**ASSIGNED TASK**
Extract, exactly and without pictures, every line from the one that includes "שמלת ערב פייטים" through the final line of the material below.
DATASET EXCERPT: Begin
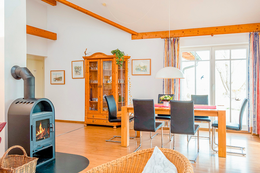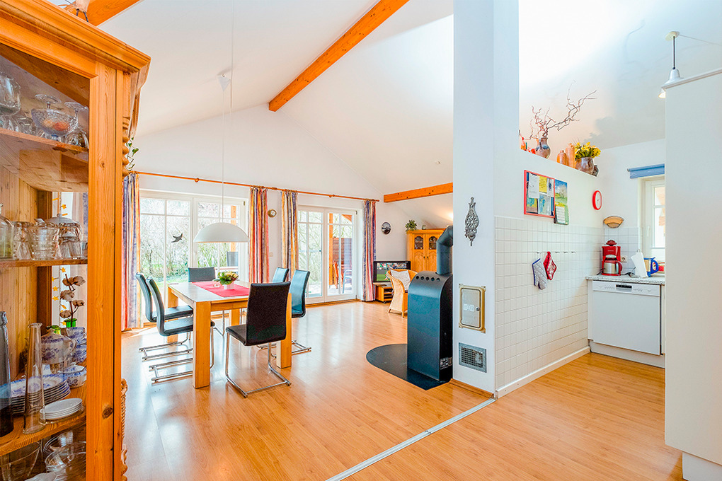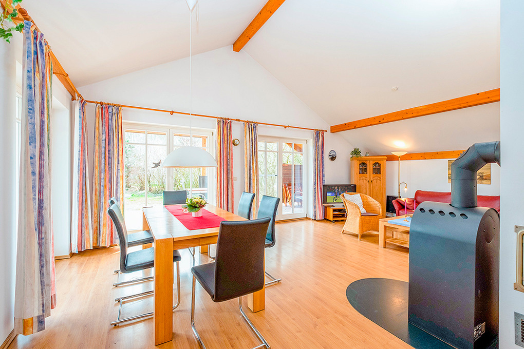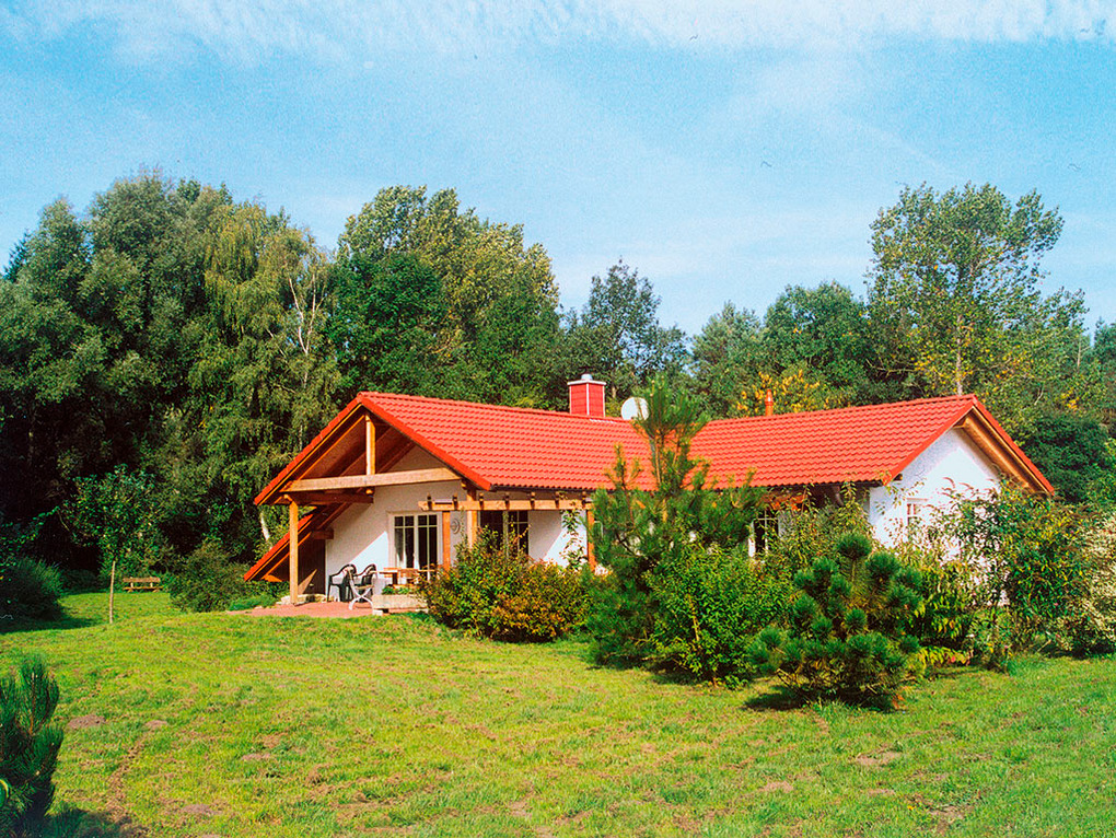 Haus: Vier schöne, auf einem 6000 qm großen Grundstück erbaute Ferienhäuser mit Kaminofen. Geschmackvolle Einrichtung und großes Platzangebot im Wohnraum. Fußbodenheizung. Waschmaschine. Kostenloser Internetzugang über Wlan. Terrasse mit Sitzmöbeln, Garten. Die Ferienhäuser verfügen über Grill- und Spielplatz und eine Tischtennisplatte (jeweils gemeinschaftliche Nutzung).
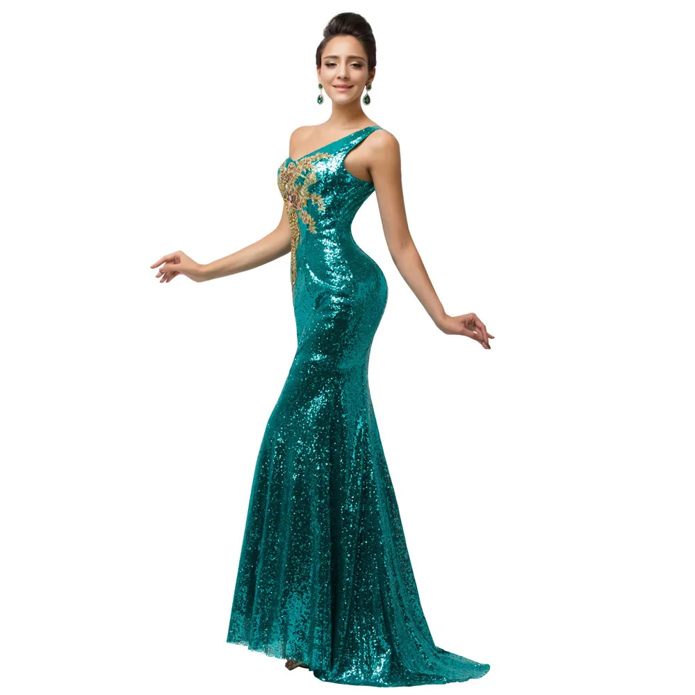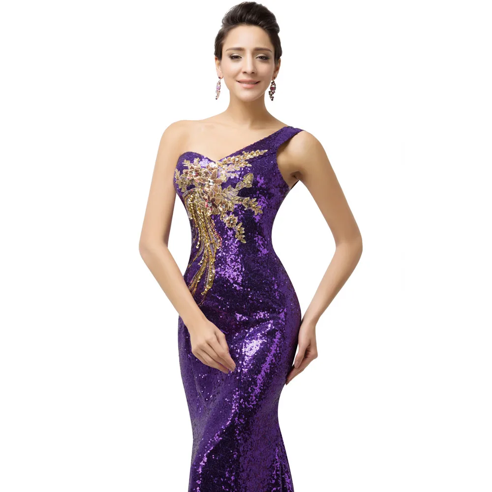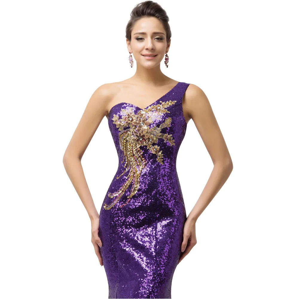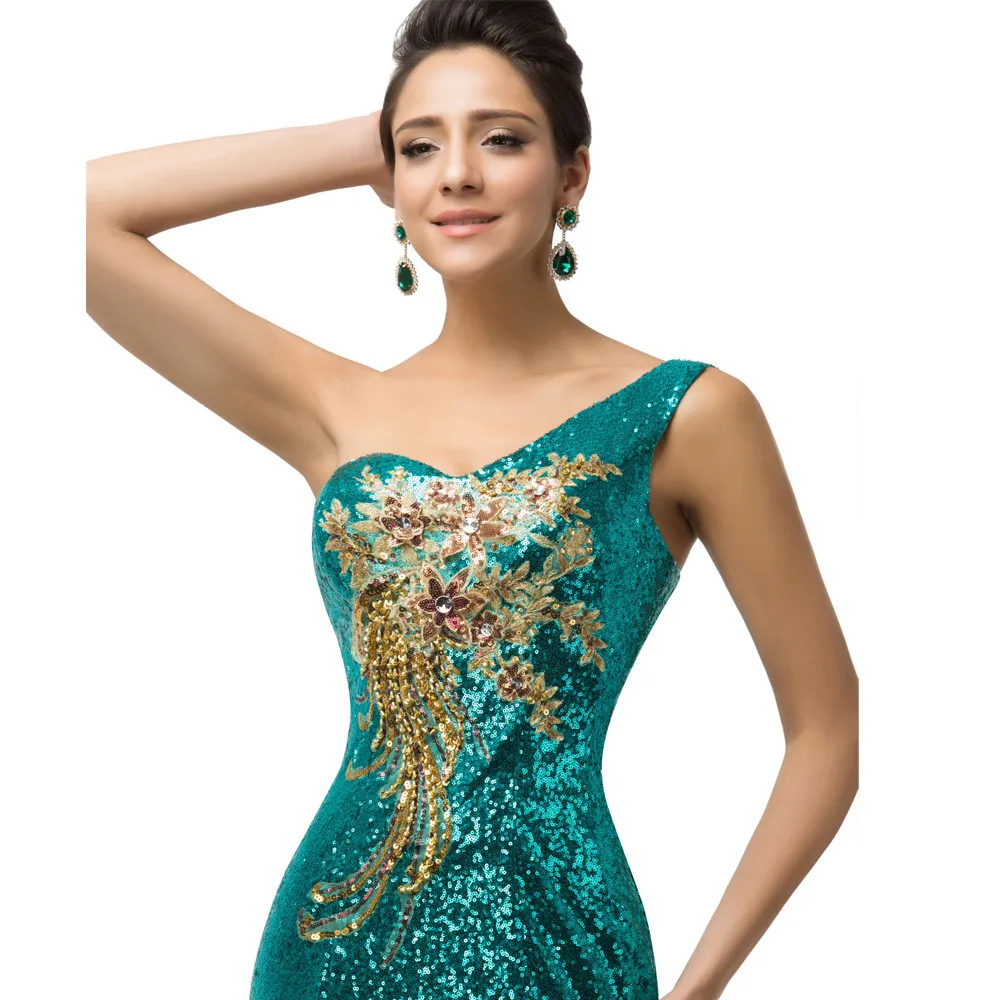 שמלת ערב פייטים לנשים כתף אחת בסגנון בת ים נוצצת במיוחד עם הדפס אפליקציה מהממת. מידות נשים 2-16
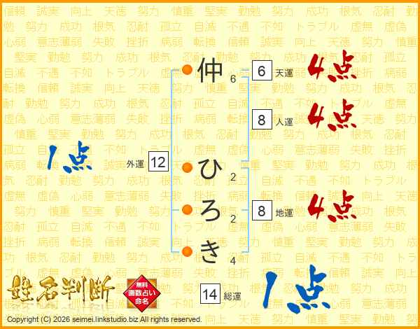 仲ひろきさんの総運は14画の1点!
DATASET EXCERPT: End
**REPLY TO THE EXERCISE**
 שמלת ערב פייטים לנשים כתף אחת בסגנון בת ים נוצצת במיוחד עם הדפס אפליקציה מהממת. מידות נשים 2-16
 仲ひろきさんの総運は14画の1点!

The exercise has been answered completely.